Blandair Regional Park West Playground
Blandair Park is one of the county’s most popular sporting venues. The park will be 300 acres when the last phase is completed. Three lit synthetic turf multipurpose fields, press boxes, and bleachers, as well as a playground, shade structure, and parking lot, are now available. The park is located one-third of a mile north of the intersection of Old Montgomery Road and Oakland Mills Road on Oakland Mills Road..

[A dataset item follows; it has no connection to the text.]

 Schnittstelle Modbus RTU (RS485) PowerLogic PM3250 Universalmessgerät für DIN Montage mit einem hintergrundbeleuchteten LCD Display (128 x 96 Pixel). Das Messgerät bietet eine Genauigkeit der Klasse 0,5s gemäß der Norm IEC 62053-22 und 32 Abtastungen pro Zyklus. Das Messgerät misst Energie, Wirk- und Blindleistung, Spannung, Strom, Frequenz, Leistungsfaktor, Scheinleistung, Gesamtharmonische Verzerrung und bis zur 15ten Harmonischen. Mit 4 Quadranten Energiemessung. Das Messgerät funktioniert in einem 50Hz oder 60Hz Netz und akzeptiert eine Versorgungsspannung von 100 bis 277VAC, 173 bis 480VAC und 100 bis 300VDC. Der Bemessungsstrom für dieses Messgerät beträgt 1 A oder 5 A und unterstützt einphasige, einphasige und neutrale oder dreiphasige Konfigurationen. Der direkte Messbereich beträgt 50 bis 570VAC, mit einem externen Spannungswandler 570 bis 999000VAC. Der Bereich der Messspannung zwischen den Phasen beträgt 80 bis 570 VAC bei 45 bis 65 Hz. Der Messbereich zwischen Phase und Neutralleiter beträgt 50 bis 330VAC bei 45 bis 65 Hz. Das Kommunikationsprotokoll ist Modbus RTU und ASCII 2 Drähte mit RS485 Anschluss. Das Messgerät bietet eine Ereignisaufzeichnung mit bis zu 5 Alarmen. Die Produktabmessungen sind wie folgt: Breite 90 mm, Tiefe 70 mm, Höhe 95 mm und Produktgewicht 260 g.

History Blandair Regional Park West Playground
Susquehannock tribes in the north and Piscataway tribes in the south hunted and camped along the Patuxent, but no permanent sites have been discovered. Conflicts with their major adversaries, the Iroquois, were common on the land. Many Native Americans were forced to leave Maryland in the 1700s, either to join tribes elsewhere or to stay and adapt into the dominant culture.
Puritans, Quakers, and Catholics were among the first European settlers in this area, seeking religious freedom. In 1632, the new English colony of Maryland was established, and in 1649, the Maryland Toleration Act was implemented, making the colony appealing to settlers of diverse theological backgrounds.

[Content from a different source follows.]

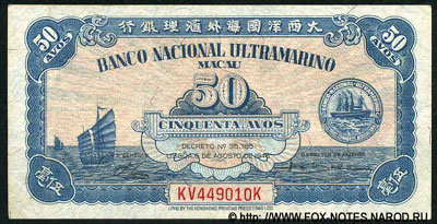 333333-Banco National Ultramarino Macau 50 avos 1948-444444 333333-Banco National Ultramarino Macau 100 patacas 2005-444444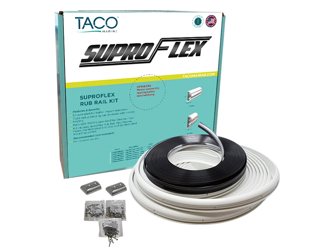 The SuproFlex Rub Rail Kit is lightweight and ultra-flexible to save you time and money while providing a seamless precision fit. The innovative SuproFlex series is co-extruded vinyl that provides two levels of hardness – ensuring enhanced protection from impact. SuproFlex Rub Rail requires minimal heating – reducing installation time and manpower. Additionally, SuproFlex Rub Rail requires no pre-forming and easily molds to most hull shapes.

In 1714, the Talbots, a Quaker family, received a 1,087-acre property grant that covered the majority of what is now Blandair Park. The Dorsey, Howard, and Weems families came after them.
From before 1800 through 1844, three generations of the Weems family (of Scottish descent) farmed this area. The farm was named “La Grange” by John Crompton Weems, a delegate for Anne Arundel County in the United States Congress from 1826 to 1829. Between 10 and 15 slaves were owned by the Weems family. In his diary, their next-door neighbour and regular visitor, George Cooke, mentioned some of the enslaved inhabitants.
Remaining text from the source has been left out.